Literary mapping and analysis of the events in Bram Stoker’s Dracula.
Dracula is an exciting and tense gothic novel filled with horror that caught the imagination of Victorian readers and has become a classic that is still widely read. For the concept, the posters are composed identical, with the main Sankey diagram in the centre. The first poster includes all the events from the beginning of the novel to the end of chapter 14, where there is a shift between the supernatural and scientific.
The second poster covers all the events from chapter 15 to the end of the novel, where the group of humans kill Dracula and try to put all the events behind them. Together they show an overview of who's perspective we read during specific events of the novel.
This poster introduces the reader to Dracula and the main themes and ideas surrounding it. In the top-left corner, there is a small overview of Dracula as a character and the novel. The top-right includes the map of Europe in 1890 to help the reader visualize each character's movement.
The main diagram includes a Sankey which shows the characters and their descriptions in the centre, and both ends leading to a date that they wrote on. At one end of each entry is the location of the character, and other ends lead to the method of writing and important quotes.

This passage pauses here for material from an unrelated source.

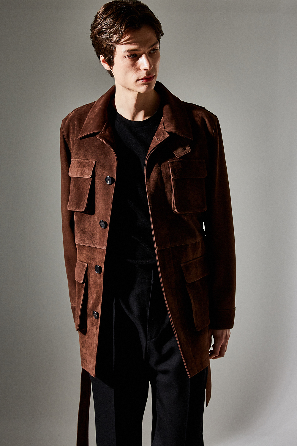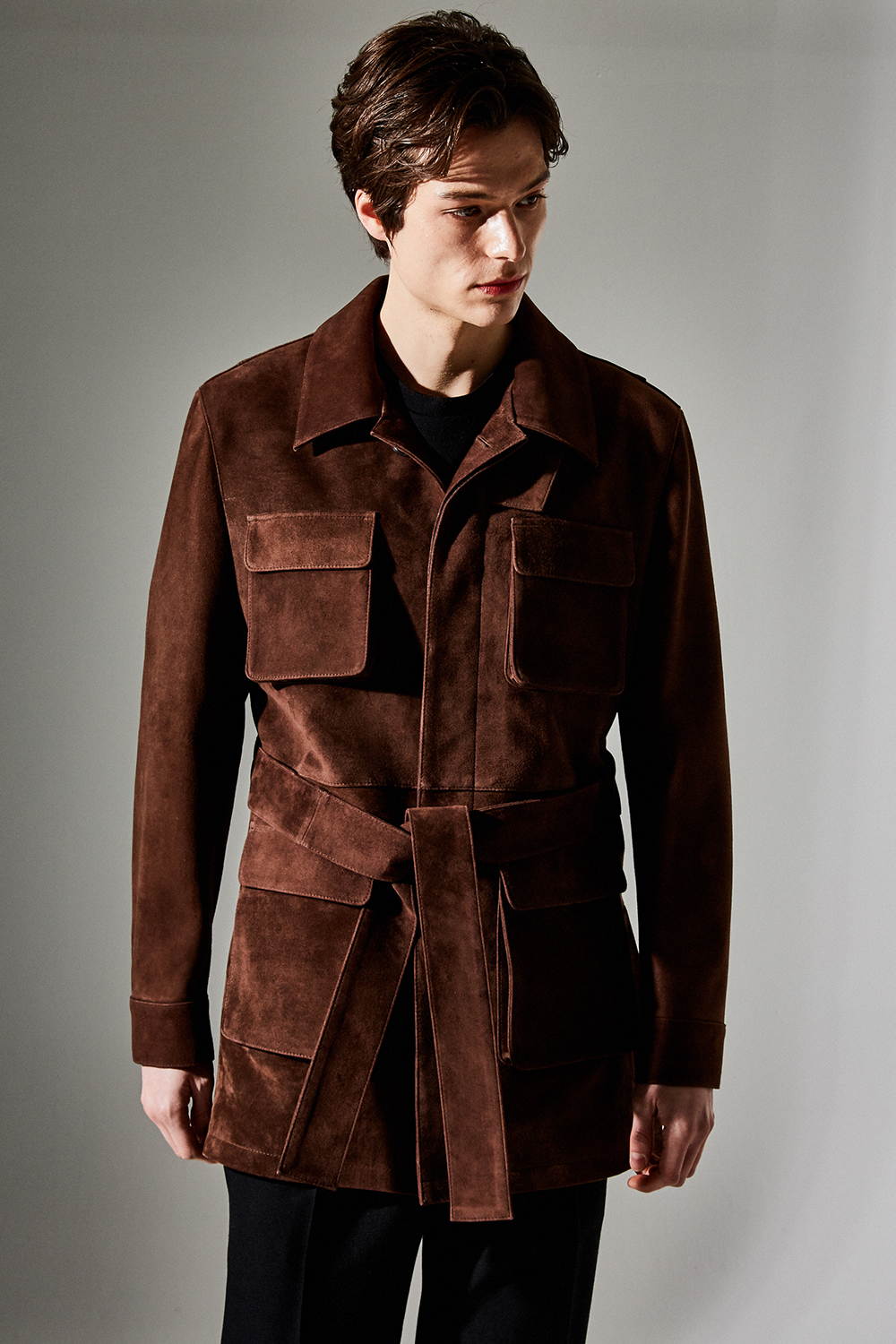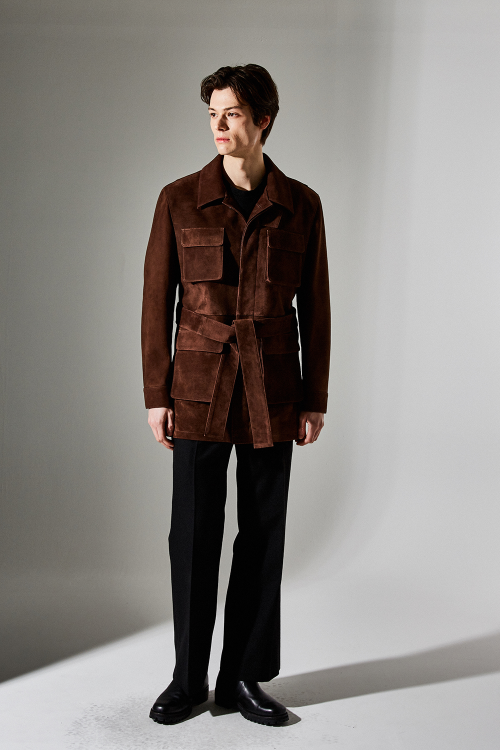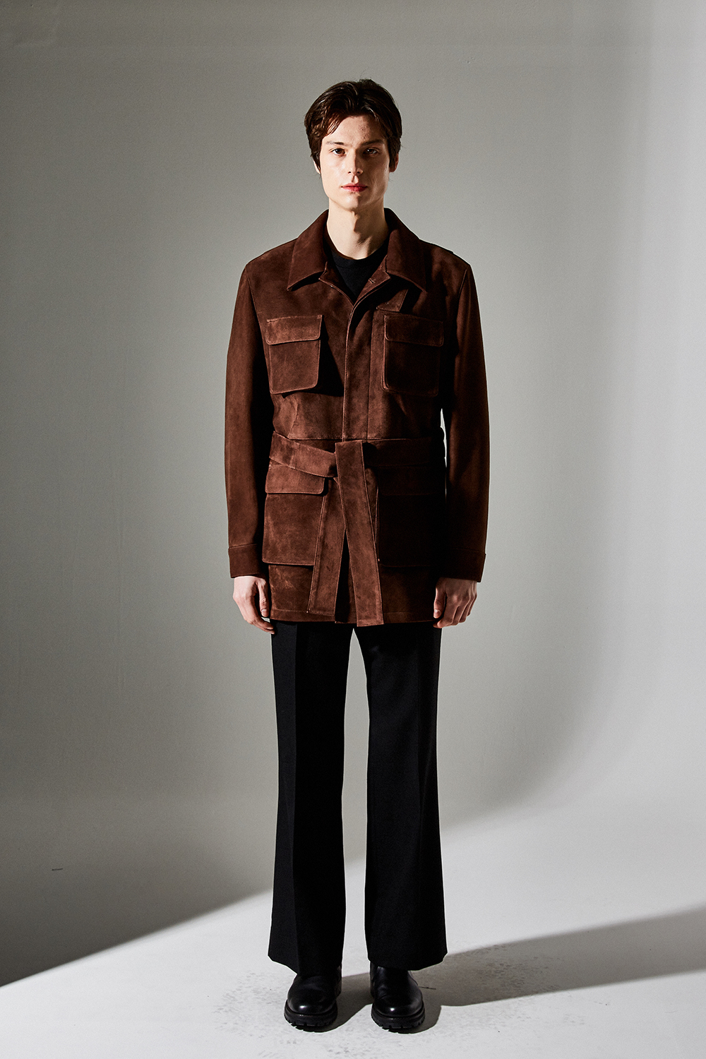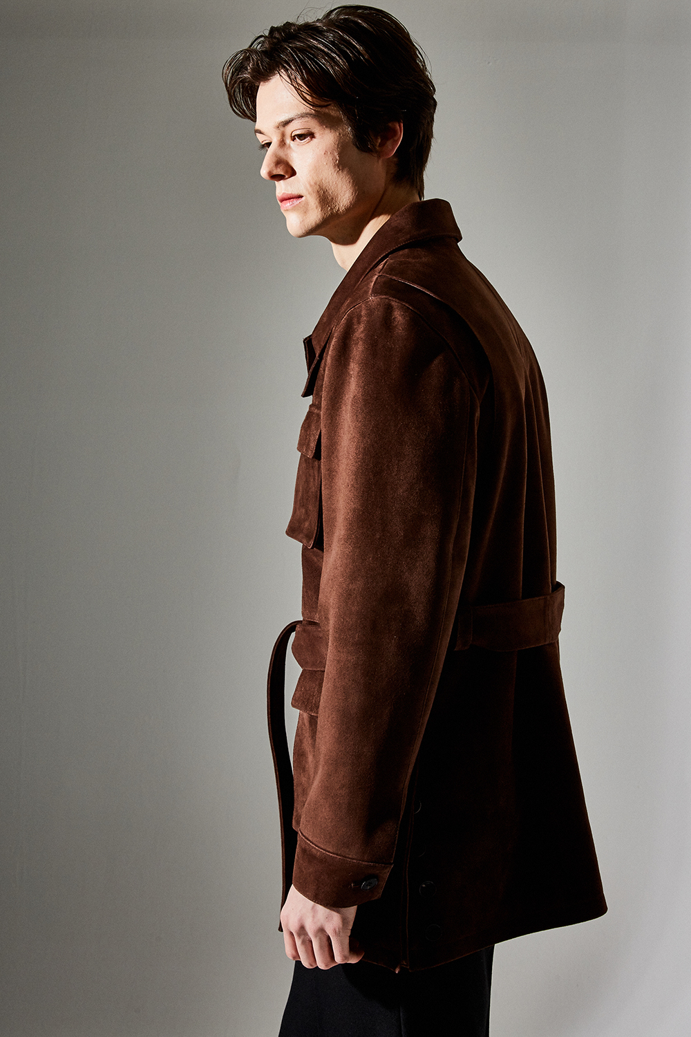 (최상급 스웨이드 100% 양가죽 스웨이드로 결이 매우 고운 터치감과 구김이 덜가며 몸에 감기듯한 자연스러운 착용감과 두께감이 있어 내구성이 좋은 럭셔리 최고급 리얼 스웨이드 소재 입니다.)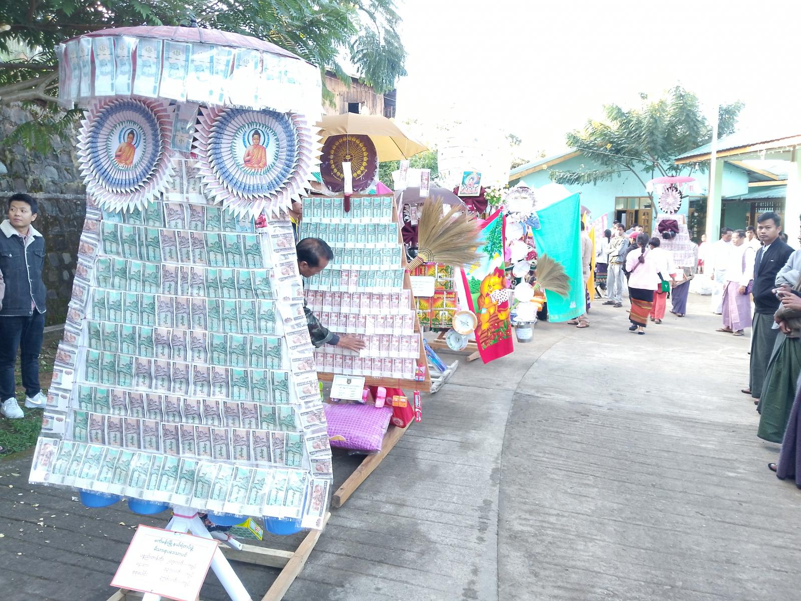 စုပေါင်းမဟာဘုံကထိန်ပွဲတော်ကို ဌာနဆိုင်ရာများ၊ တပ်ရင်းတပ်ဖွဲ့များ၊ မြို့ခံပြည်သူများနှင့် ကျောင်းသားကျောင်းသူများက ခရိုင်အထွေထွေ အုပ်ချုပ်ရေးဦးစီးဌာနရုံးမှစတင်၍ ပညာဒီပကျောင်းတိုက်အထိ ပဒေသပင်များဖြင့် စည်ကားစွာ လှည့်လှည်ခဲ့ကြသည်။

This poster is a continuation of the first, with the Sankey diagram picking up right where the first ended. The Sankey follows the same conventions of the previous one, showing characters in the middle and dates at either end. While this section is shorter, there are more entries written between September 26 and October 6, so each date is shown separately.
The poster includes two additional infographics. The bloodline shows a timeline of Dracula and his victims. Although there is no clear data before the events of the novel, it's known that Dracula has three "brides," who are people he turned into vampires. The second timeline along the right side shows popular vampire films that have been created after Dracula – with more films created as you get closer to present-day.